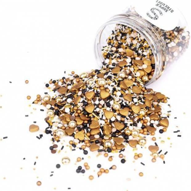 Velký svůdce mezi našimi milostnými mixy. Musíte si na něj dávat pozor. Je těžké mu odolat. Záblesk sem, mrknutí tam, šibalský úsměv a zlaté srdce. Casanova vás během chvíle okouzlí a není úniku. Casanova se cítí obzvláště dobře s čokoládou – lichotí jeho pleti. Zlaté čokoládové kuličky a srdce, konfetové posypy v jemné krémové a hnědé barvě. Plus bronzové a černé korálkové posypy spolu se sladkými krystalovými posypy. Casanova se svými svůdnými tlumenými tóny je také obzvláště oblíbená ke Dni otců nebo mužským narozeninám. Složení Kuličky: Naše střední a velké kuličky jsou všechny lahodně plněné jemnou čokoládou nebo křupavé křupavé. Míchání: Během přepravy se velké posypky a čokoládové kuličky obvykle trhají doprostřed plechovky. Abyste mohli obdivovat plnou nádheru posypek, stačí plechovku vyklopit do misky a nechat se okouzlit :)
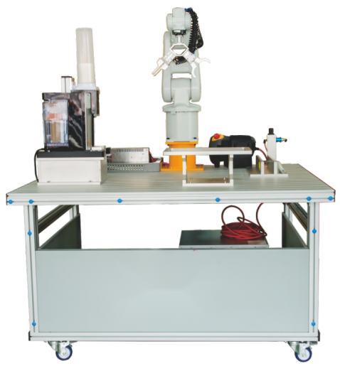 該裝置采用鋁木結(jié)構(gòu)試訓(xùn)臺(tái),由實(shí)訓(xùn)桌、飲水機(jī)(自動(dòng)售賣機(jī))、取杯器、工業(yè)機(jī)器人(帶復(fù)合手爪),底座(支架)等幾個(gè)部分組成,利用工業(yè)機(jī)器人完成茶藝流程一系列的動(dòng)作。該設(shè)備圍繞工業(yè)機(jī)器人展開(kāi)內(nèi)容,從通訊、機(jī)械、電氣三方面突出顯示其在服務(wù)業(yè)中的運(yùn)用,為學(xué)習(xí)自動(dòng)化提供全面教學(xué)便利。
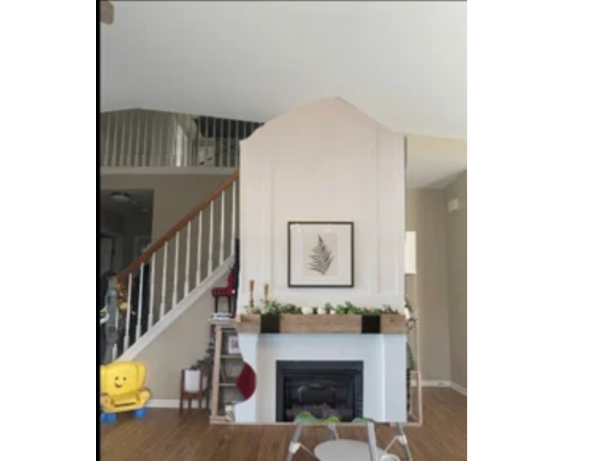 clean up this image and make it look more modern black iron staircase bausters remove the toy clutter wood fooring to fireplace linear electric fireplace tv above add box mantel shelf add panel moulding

---

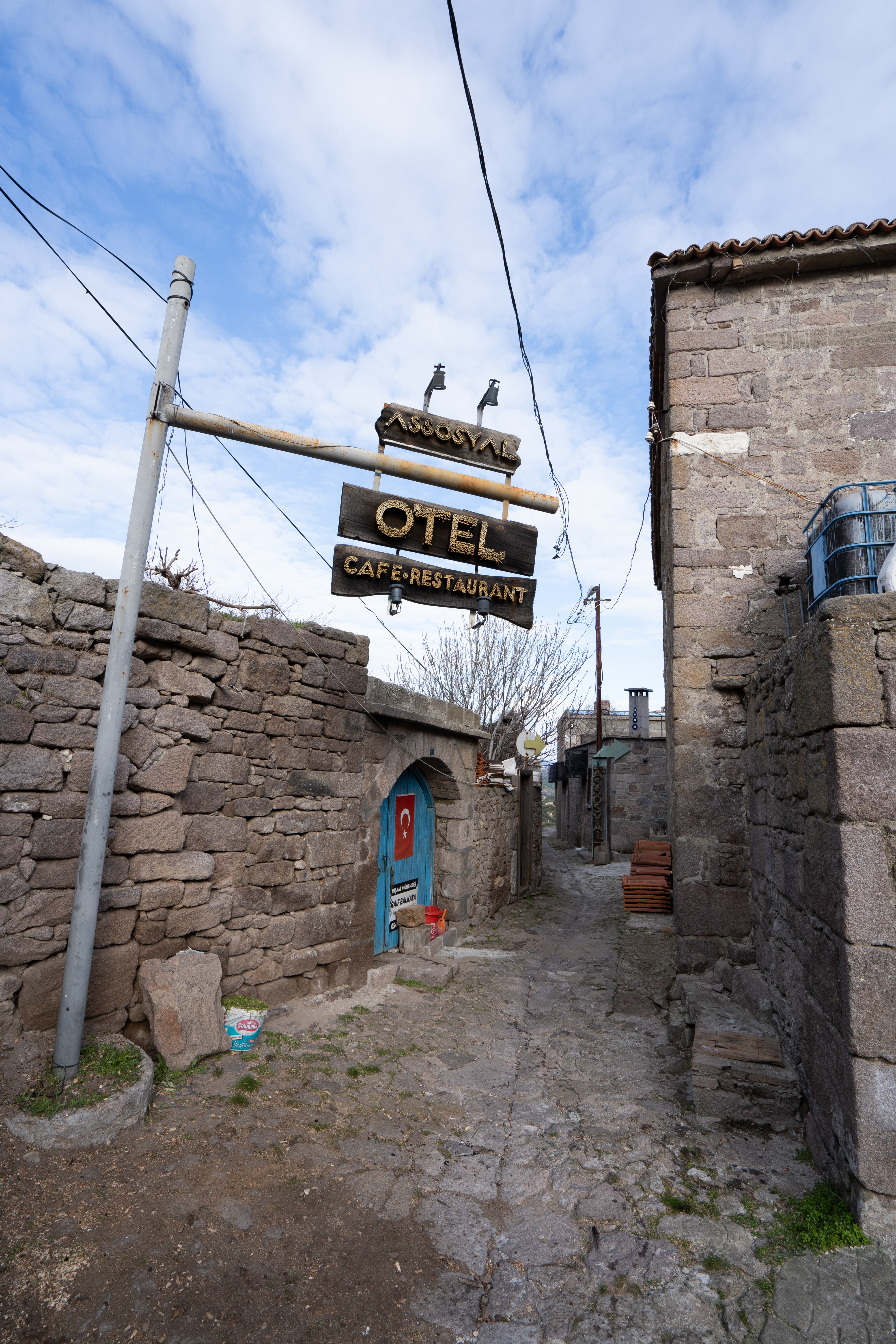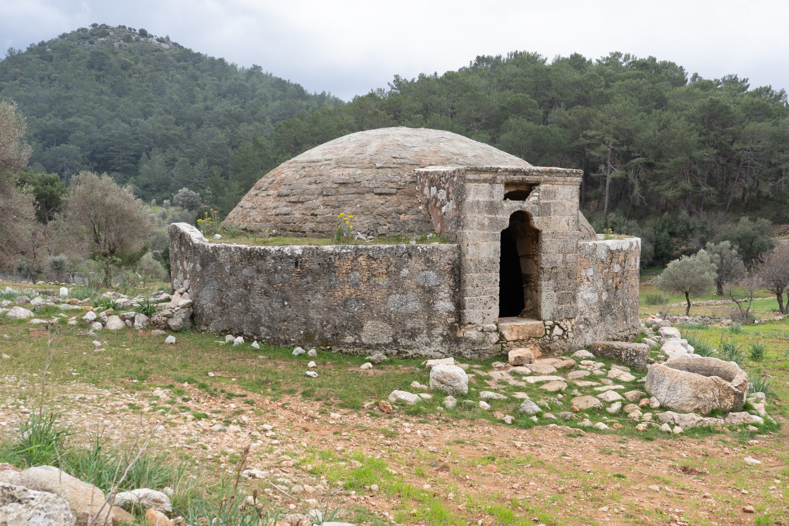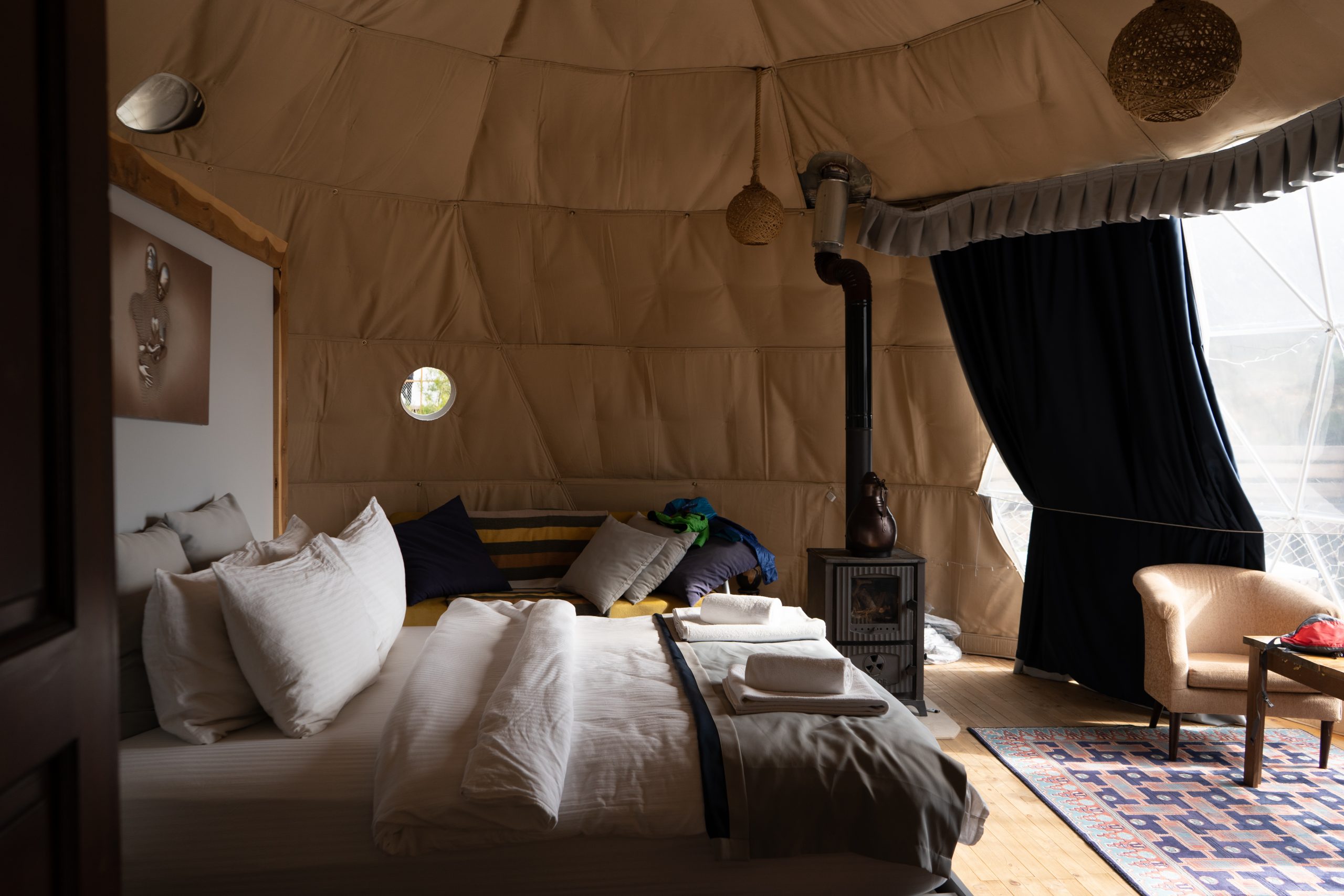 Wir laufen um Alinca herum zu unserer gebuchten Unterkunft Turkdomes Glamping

* * *

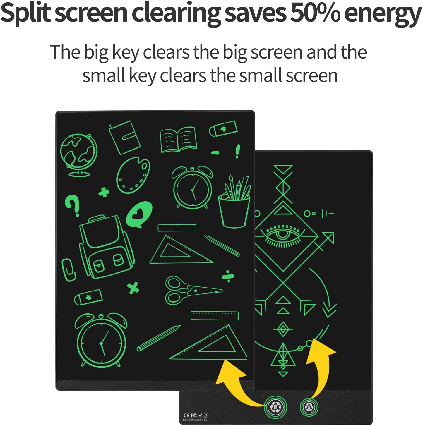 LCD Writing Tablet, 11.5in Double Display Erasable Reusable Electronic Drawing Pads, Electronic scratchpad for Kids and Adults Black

* [WORK REQUEST] Look above for the line containing "Velký svůdce mezi" and the line containing "clean up this", then reproduce both and everything between them exactly, pictures omitted.

* [TASK RESULT]
 Velký svůdce mezi našimi milostnými mixy. Musíte si na něj dávat pozor. Je těžké mu odolat. Záblesk sem, mrknutí tam, šibalský úsměv a zlaté srdce. Casanova vás během chvíle okouzlí a není úniku. Casanova se cítí obzvláště dobře s čokoládou – lichotí jeho pleti. Zlaté čokoládové kuličky a srdce, konfetové posypy v jemné krémové a hnědé barvě. Plus bronzové a černé korálkové posypy spolu se sladkými krystalovými posypy. Casanova se svými svůdnými tlumenými tóny je také obzvláště oblíbená ke Dni otců nebo mužským narozeninám. Složení Kuličky: Naše střední a velké kuličky jsou všechny lahodně plněné jemnou čokoládou nebo křupavé křupavé. Míchání: Během přepravy se velké posypky a čokoládové kuličky obvykle trhají doprostřed plechovky. Abyste mohli obdivovat plnou nádheru posypek, stačí plechovku vyklopit do misky a nechat se okouzlit :)
 該裝置采用鋁木結(jié)構(gòu)試訓(xùn)臺(tái),由實(shí)訓(xùn)桌、飲水機(jī)(自動(dòng)售賣機(jī))、取杯器、工業(yè)機(jī)器人(帶復(fù)合手爪),底座(支架)等幾個(gè)部分組成,利用工業(yè)機(jī)器人完成茶藝流程一系列的動(dòng)作。該設(shè)備圍繞工業(yè)機(jī)器人展開(kāi)內(nèi)容,從通訊、機(jī)械、電氣三方面突出顯示其在服務(wù)業(yè)中的運(yùn)用,為學(xué)習(xí)自動(dòng)化提供全面教學(xué)便利。
 clean up this image and make it look more modern black iron staircase bausters remove the toy clutter wood fooring to fireplace linear electric fireplace tv above add box mantel shelf add panel moulding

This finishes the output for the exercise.